Here, it is undisputed that the Colliers are in possession of the $ 70,000 currently being held in a non-interest bearing account. The fund is specifically identifiable and within the Colliers’ possession, thus satisfying the Sereboff standard for cognizable relief under § 502(a)(3). Accordingly, the Court must enforce the Plan’s subrogation terms as a matter of law.

Brown & Williamson Tobacco Corp. v. Collier, 2010 U.S. Dist. LEXIS 36505 (M.D. Ga. Apr. 13, 2010)

This is a useful ERISA health plan subrogation case that touches on all the typical issues that arise in the reimbursement context. This case appears in the new cases forum on erisaboard.com and may be accessed there.

Georgia has a robust consumer protection statute that applies in health plan subrogation cases. In this instance, however, the plan was self-funded and the statute did not apply.

Neither the Savings Clause nor the McCarran-Ferguson Act applies in this case. Thus, federal law preempts Georgia’s anti-subrogation statute, O.C.G.A. § 33-24-56.1, and consequently, the subrogation clause in Brown & Williamson’s Plan stands.

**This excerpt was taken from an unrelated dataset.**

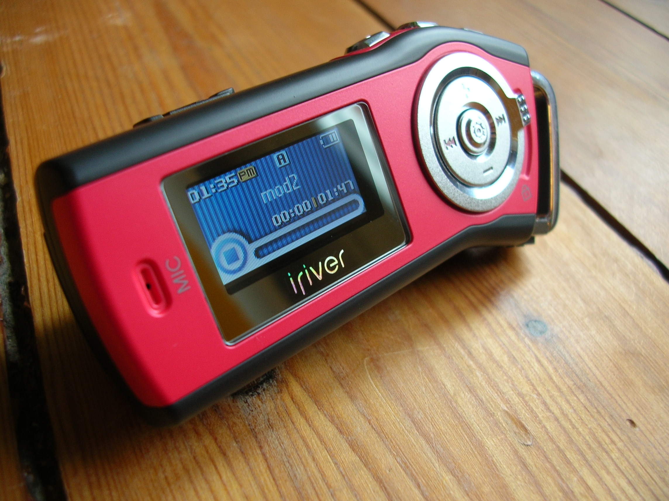 photo of a red iriver t10 portable music player

The “make whole” doctrine also made a cameo appearance and then exited the stage:

While the Colliers correctly assert that the “make-whole” doctrine is the default rule in the Eleventh Circuit, the Colliers fail to acknowledge that the doctrine can be expressly excluded. . . .

Here, the Plan explicitly rejects the “make-whole” doctrine by stating that the reimbursement provisions apply “whether or not you are made whole.”   This express rejection of the “make-whole” doctrine within the terms of the Plan indicates that the doctrine does not apply in this case.

And then a novel argument, which is also rejected:

Finally, the Colliers argue that the present case is devoid of necessary expert testimony establishing proximate causation. The case before this Court does not require the parties to prove the elements of medical malpractice. Instead, this case focuses on whether a claim brought under § 502(a)(3) is appropriate. Thus, this argument is without merit.

Thus, summary judgment was granted to the plan.   Since the plan had identified funds in the possession of the defendant, the Court ordered the funds restored to the plaintiff.